■ **WHAT YOU WILL DO**: Pictures excluded, output exactly the lines from the one containing "Für stützende und" through the last line of the listing below.

■ **INPUT DATA**:
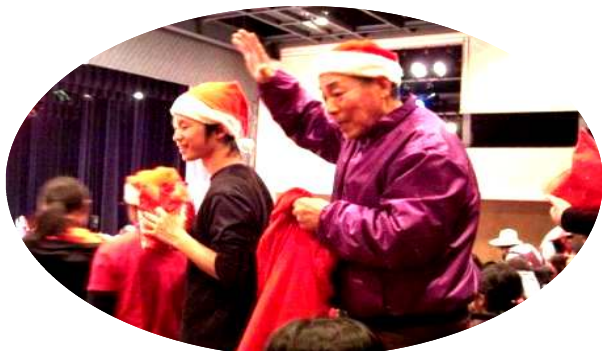
「四季の会」の皆さんも、席の誘導やフェスタの進行をサポート。最後は子どもたちにお菓子のプレゼント
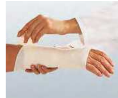
Für stützende und entlastende Verbände an viel bewegten Körperteilen.
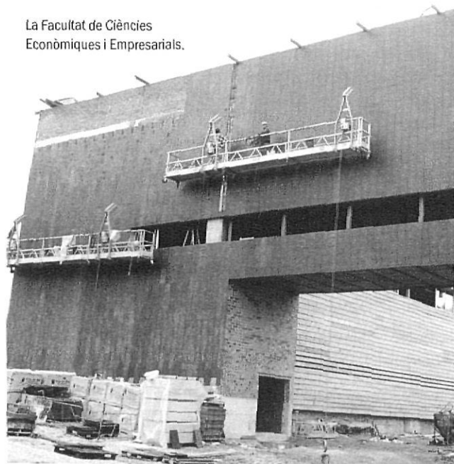
El Pont / LUTIS SERRAT

■ **EXERCISE ANSWER**:
Für stützende und entlastende Verbände an viel bewegten Körperteilen.
El Pont / LUTIS SERRAT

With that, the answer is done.